A man opens a 1.14-m wide door by pushing on it with a force of 49.5 N directed perpendicular to its surface.

(a) What magnitude torque does he apply about an axis through the hinges if the force is applied at the center of the door?
N · m

(b) What magnitude torque does he apply at the edge farthest from the hinges?
N · m

To calculate the torque applied by the man, we need to know the distance between the point of application of the force and the axis of rotation. In this case, the axis of rotation is through the hinges of the door.
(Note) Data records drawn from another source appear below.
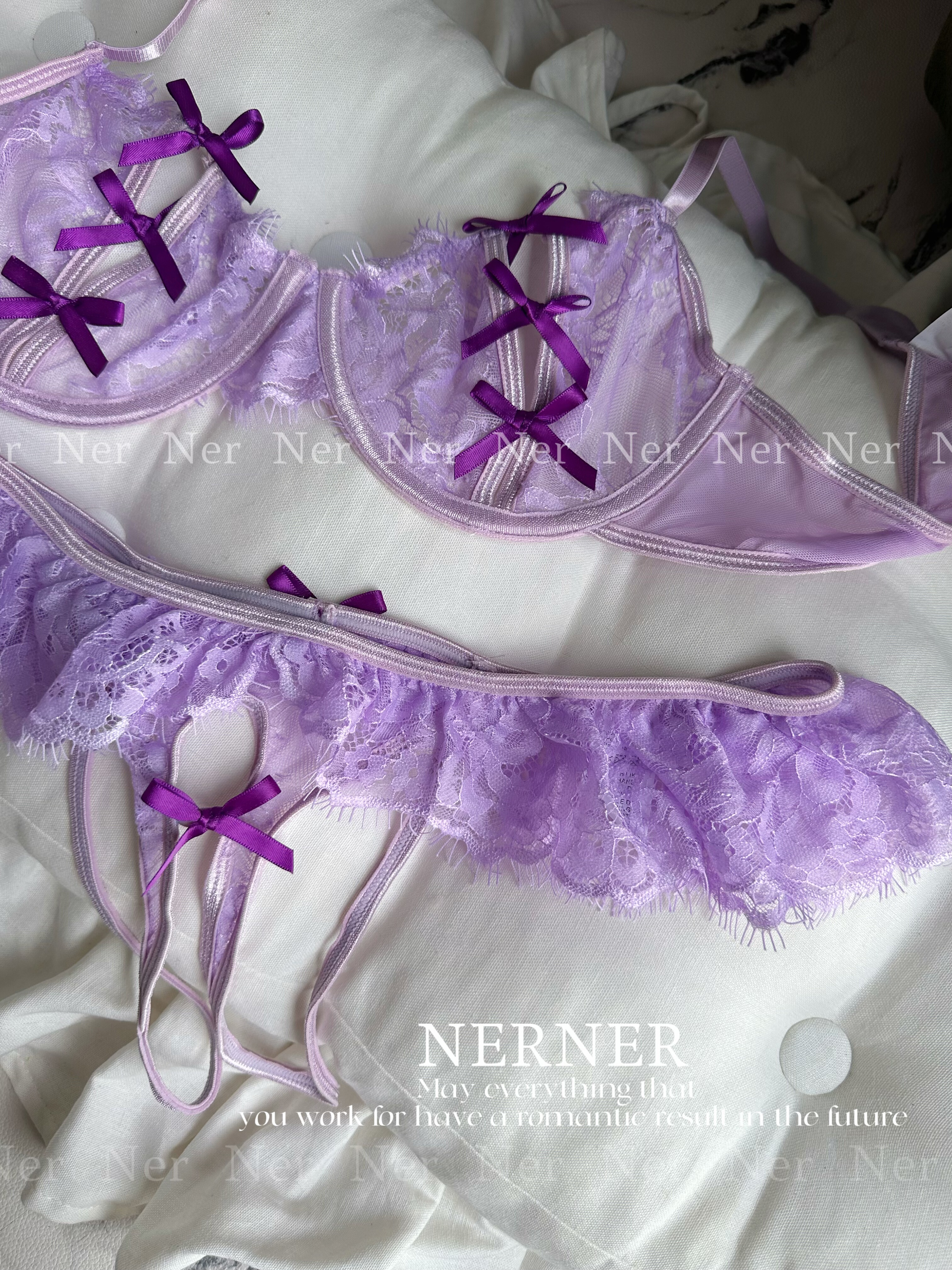 NERNER 紫艳*欧美蝴蝶结淡紫文胸上托聚拢内衣套装性感弹力包裹
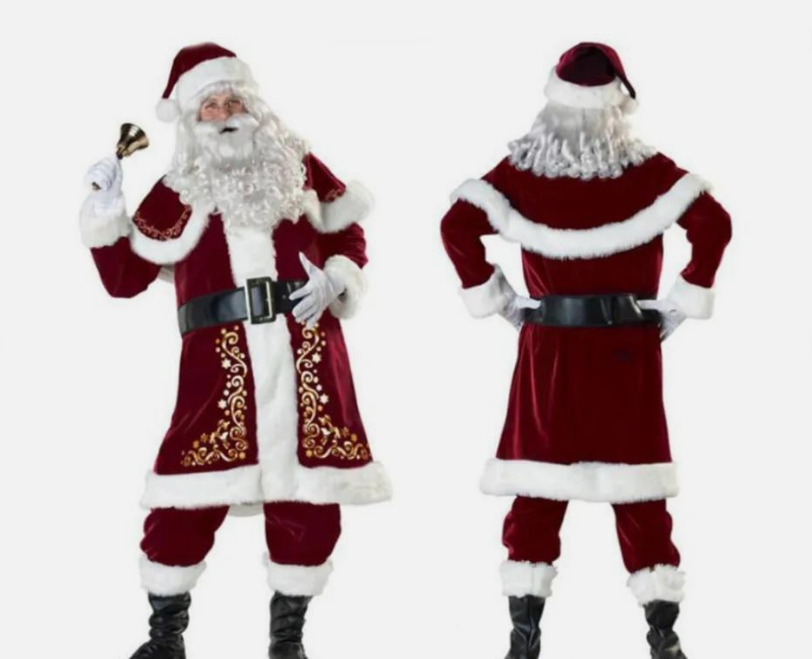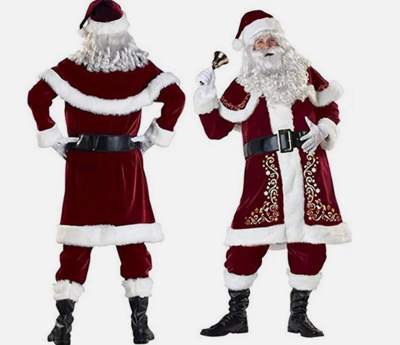 Men's Santa Costume Set 8pcs Velvet Christmas Adult Santa Claus Cosplay Dress Up
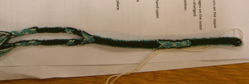 A 2-person braid in which each braider uses orthodox moves on one hand, and unorthodox moves on the other. (My and Dom’s slightly lumpy team braiding)
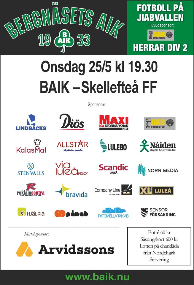 Topplaget Skellefteå visade sig för svåra denna kväll. Men hemmalaget kan lämna JIABvallens gröna matta med huvude högt. Skellefteå rivstartar matchen och gör 1-0 redan i första minuten. I minut 11 vinner Ante bollen på motståndarnas tredjedel och spelar fram Max som behärskat placerar in 1-1. Lagen byter chanser och i minut 22 tar SFF återigen ledningen. Skellefteå fortsätter att försöka kontrollera matchen och BAIK jagar kvittering. Vi hittar också några chanser att kvittera men i 87:e minuten gör SFF 3-1 när vi öppnar oss i vår iver att kvittera. Sammantaget en bra insats av hela laget vilket gör att vi ser fram emot derbyt mot serieledande IFK Luleå på måndag.
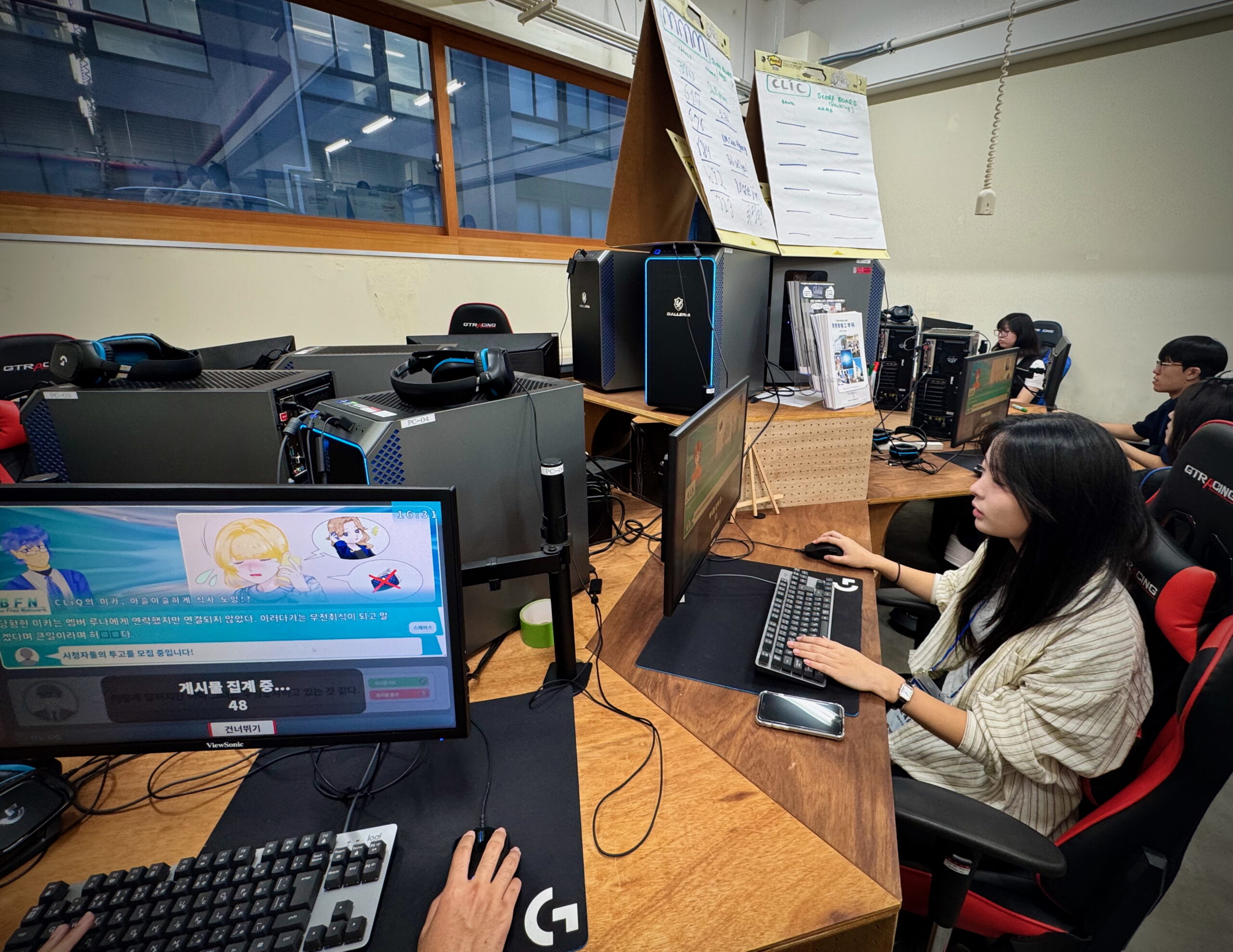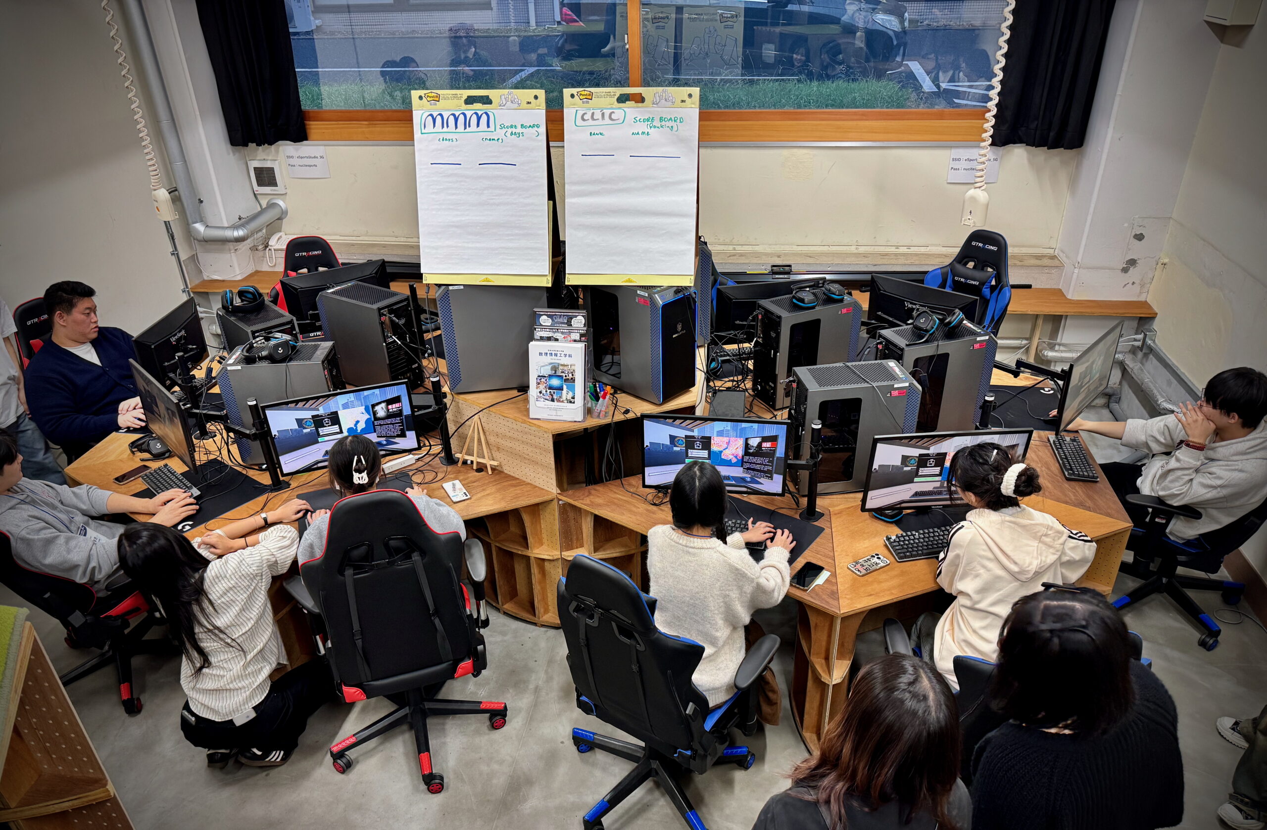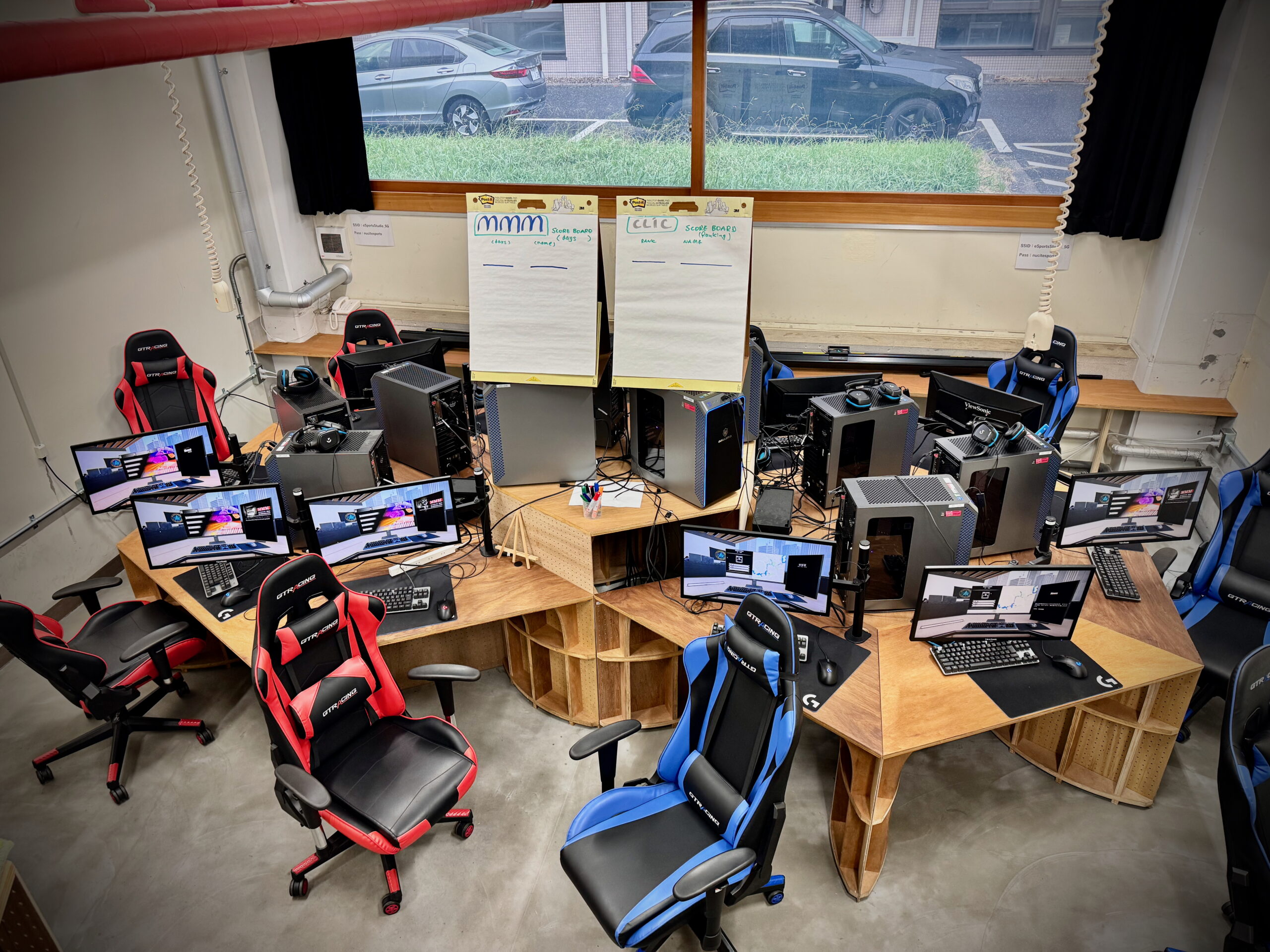続いてeスポーツスタジオへ移動し,学生が開発したシリアスゲーム2本(MMMとCLiQ)を使ってeスポーツ大会を行いました.MMMは英語版を使ってプレイしてもらいましたが問題なく全員で競うことができ,優勝した生徒さんのスコアは,東京ゲームショウ2025での最高得点と互角のスコアを叩き出して驚きでした.CLiQの方は韓国語版を使ってプレイしてもらい,ソーシャルメディアの危険性と正しい使い方についてもっと学ぼうね,と理解してもらえたようです.

(a) When the force is applied at the center of the door, the distance between the point of application and the axis of rotation is half the width of the door, which is 1.14 m / 2 = 0.57 m.

Torque (τ) can be calculated using the formula:
τ = r * F * sin(θ)

Where:
- τ is the torque
- r is the distance between the point of application of the force and the axis of rotation
- F is the magnitude of the force
- θ is the angle between the force vector and the lever arm (which is perpendicular to the surface of the door in this case)

Since the force is applied perpendicular to the surface of the door, θ = 90 degrees.

Plugging the values into the formula:
τ = 0.57 m * 49.5 N * sin(90 degrees)
τ = 0.57 m * 49.5 N * 1
τ = 28.215 N · m

Therefore, the magnitude of the torque applied at the center of the door is 28.215 N · m.

(b) When the force is applied at the edge farthest from the hinges, the distance between the point of application and the axis of rotation is the width of the door, which is 1.14 m.

Using the same formula as above, with the new value of the distance (r):
τ = 1.14 m * 49.5 N * sin(90 degrees)
τ = 1.14 m * 49.5 N * 1
τ = 55.83 N · m

Therefore, the magnitude of the torque applied at the edge farthest from the hinges is 55.83 N · m.